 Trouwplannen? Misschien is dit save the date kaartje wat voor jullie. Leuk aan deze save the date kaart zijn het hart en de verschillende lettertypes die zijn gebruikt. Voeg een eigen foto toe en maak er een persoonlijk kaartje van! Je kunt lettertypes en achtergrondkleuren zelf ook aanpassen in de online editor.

* * *

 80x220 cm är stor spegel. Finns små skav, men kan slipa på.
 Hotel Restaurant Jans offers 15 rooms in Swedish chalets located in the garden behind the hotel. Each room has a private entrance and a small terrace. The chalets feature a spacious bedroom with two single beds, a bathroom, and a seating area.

==

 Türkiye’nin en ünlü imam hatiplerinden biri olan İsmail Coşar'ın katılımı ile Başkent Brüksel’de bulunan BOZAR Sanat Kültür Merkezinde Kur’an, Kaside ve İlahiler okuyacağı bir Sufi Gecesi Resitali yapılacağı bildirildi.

What is required: Each line above from the one with "80x220 cm är" up to and including the one with "Hotel Restaurant Jans" must be set down exactly, and no line outside that span may appear.

Answer box:
 80x220 cm är stor spegel. Finns små skav, men kan slipa på.
 Hotel Restaurant Jans offers 15 rooms in Swedish chalets located in the garden behind the hotel. Each room has a private entrance and a small terrace. The chalets feature a spacious bedroom with two single beds, a bathroom, and a seating area.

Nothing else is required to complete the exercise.